= Charging data record =

Term in mobile telecommunications

For mobile telecommunications, the Charging Data Record (CDR) is, in 3GPP parlance, a formatted collection of information about a chargeable telecommunication event (making a phone call, using the Internet from your mobile device).

CDRs are used for user billing: a telecom provider transfers them from time to time in order to send bills to their users. CDRs are sent in GTP' messages, or saved in files and fetched with FTP protocol.

Information on chargeable events includes time of call set-up, duration of the call, amount of data transferred, etc. A separate CDR is generated for each party to be charged.

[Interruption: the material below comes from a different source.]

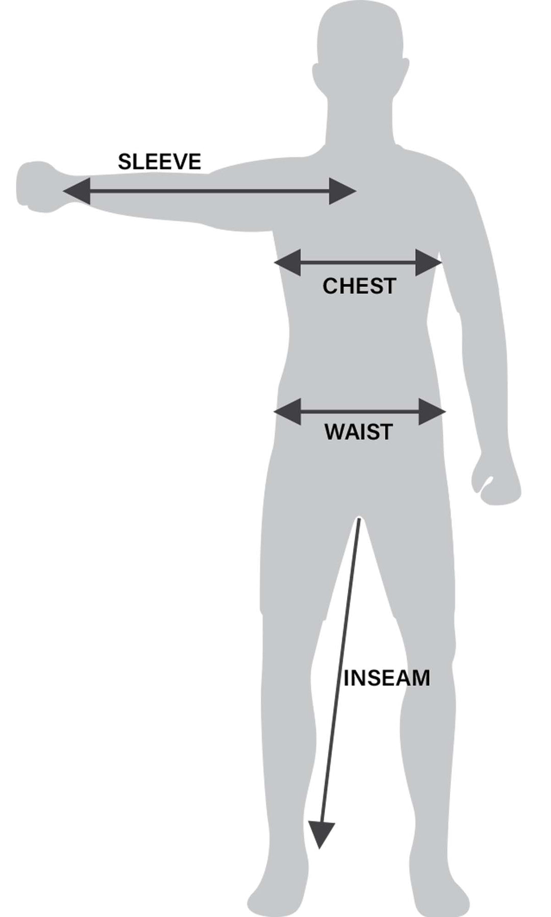 | CHEST | 30-32" | 34-36" | 38-40" | 42-44" | 46-48" | 50-52" | 54-56" | 58-60" | 62-64" | 66-68" |

Entries on CDRs use a {category, usage} syntax. Usage units can be bits (e.g. user downloaded a 1MB movie), seconds (e.g. user downloaded 1 minute of a movie), or other units (e.g. user downloaded 1 movie).

==CDR type==
CDRs can be classified basically on two parameters
- The node at which they're generated: GGSN, SGSN, PGW, SGW, etc.
- The kind of service or activity they're charging : MBMS, Mobility, Location request etc.
As per the specifications the records are classified as follows :
- S-CDR
- SGW-CDR
- PGW-CDR
- eG-CDR
- M-CDR
- S-SMO-CDR
- LCS-MO-CDR
- LCS-NI-CDR
- S-MB-CDR
- G-MB-CDR
- MBMS-GW-CDR

==See also==
- Call detail record, the counterpart for Circuit Switch service usage. Also abbreviated as CDR.